El altavoz del submarino respondió:
—Fred, aquí el comandante Coombs. Creo que no has pensado lo que estás haciendo, pero en mi manual esto es traición. Estás interfiriendo con operaciones navales críticas.
Cowper dijo:
—Harvey, este no era mi plan original, pero estoy intentando optimizar al máximo una mala situación. Este es el trato: permitid que toda esta gente y yo subamos a bordo y luego dejadnos en tierra, en algún lugar medianamente seguro. A cambio, nosotros nos ganaremos nuestra plaza a bordo; sé que estáis faltos de manos. Estos chicos harán cualquier cosa que se les ordene y, además, tenemos una tripulación de viejos pelmazos con sus delfines, que se mueren por volver a coger un timón. Eh, y yo me realistaré. ¿Dónde vais a encontrar a otro tipo con mi experiencia?
—Yo no acepto extorsiones, hijo de puta senil —dijo Coombs.
—¿Qué extorsión? Es un gesto humanitario, por no mencionar el mantener la fe en esta gente… y en mí, ya que estamos. Sandoval nos lo prometió. Háblalo con él si no te gusta. El muy cabrón está ahí, ¿verdad?
—De hecho, ya debería haber llegado. No me sorprendería enterarme de que tú y tu turba lo habéis matado.

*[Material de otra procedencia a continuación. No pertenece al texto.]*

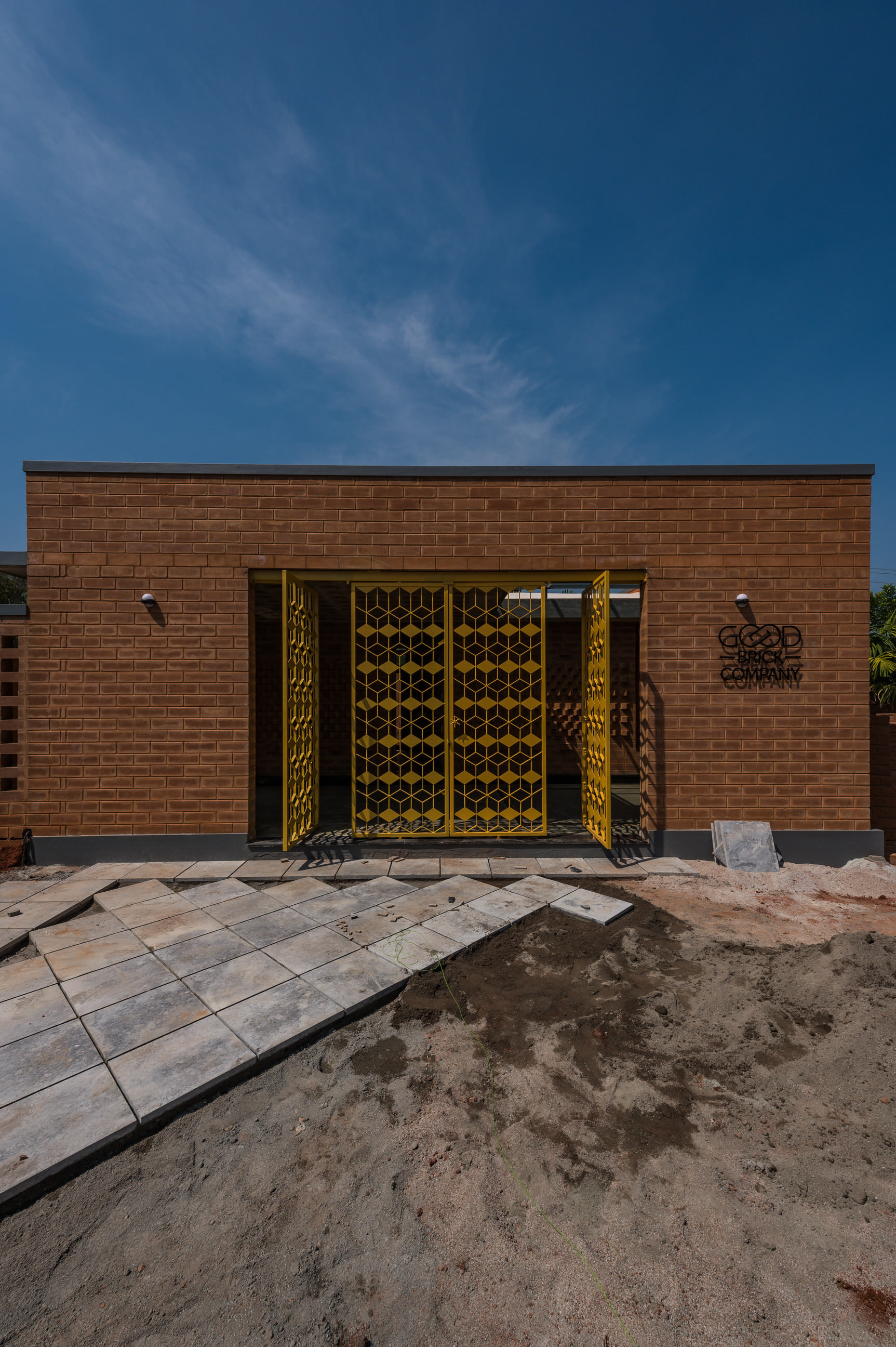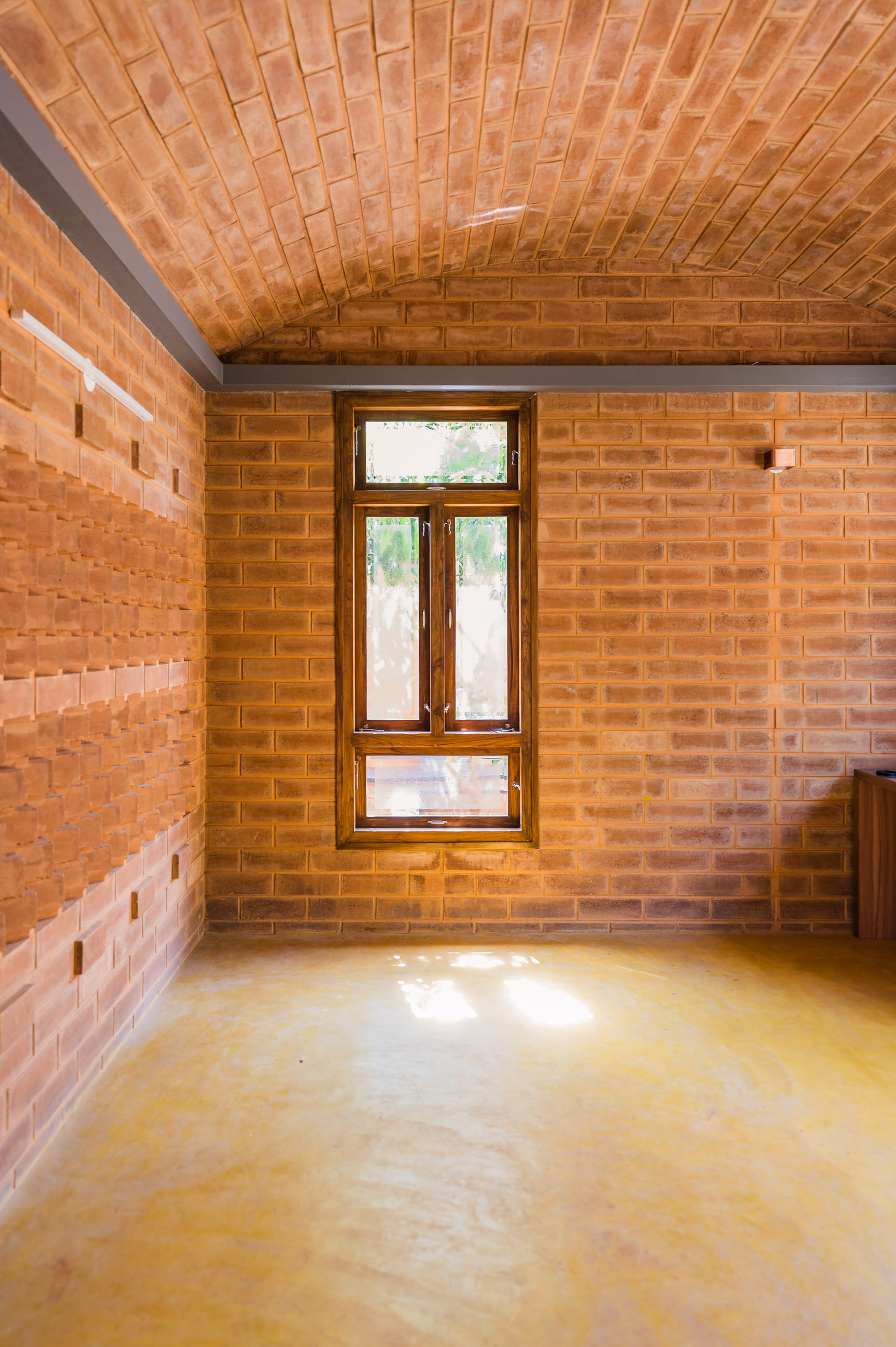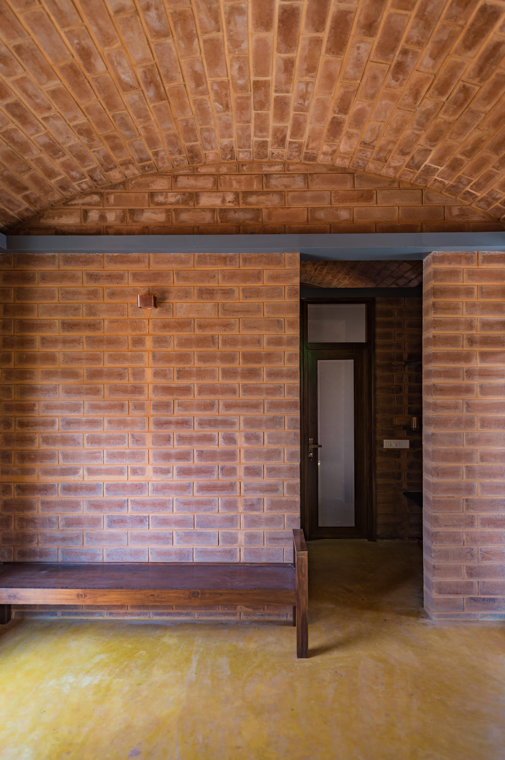 Most of this office building is built out of Earth from foundation to roof. This company manufactures CSEB mud blocks of various customised sizes for Architects and the office needed to have space for workshops and services.

—Estoy tratando de salvar vidas, gilipollas arrogante, pero si no nos dejas subir a bordo ahora mismo, voy a echarte el Sallie encima y hundiré todo el tinglado. No tenemos nada que perder. —Cowper volvió a entrar en la pequeña cabina de cristal y puso en marcha el motor. Entonces nos anunció—: ¡Todos a bordo! ¡No corráis! Embarcad de forma ordenada. La tripulación os conducirá abajo… o adonde sea.
Ya nos estábamos moviendo. Tras los primeros pasos vacilantes, los chicos pasaron en estampida, demasiado apresurados para hacérmelo pasar mal. Pude observar que la pasarela derrumbada no frenó a nadie; al parecer, era sencillo saltar desde el borde hasta las maderas forradas de guano que había a lo largo del submarino y, de allí, a la popa, donde habían atravesado una tabla. Me limité a dejarme llevar. Todos los demás tenían prisa a causa de su instinto de supervivencia, pero yo me sentía apática y totalmente fuera de todo aquello.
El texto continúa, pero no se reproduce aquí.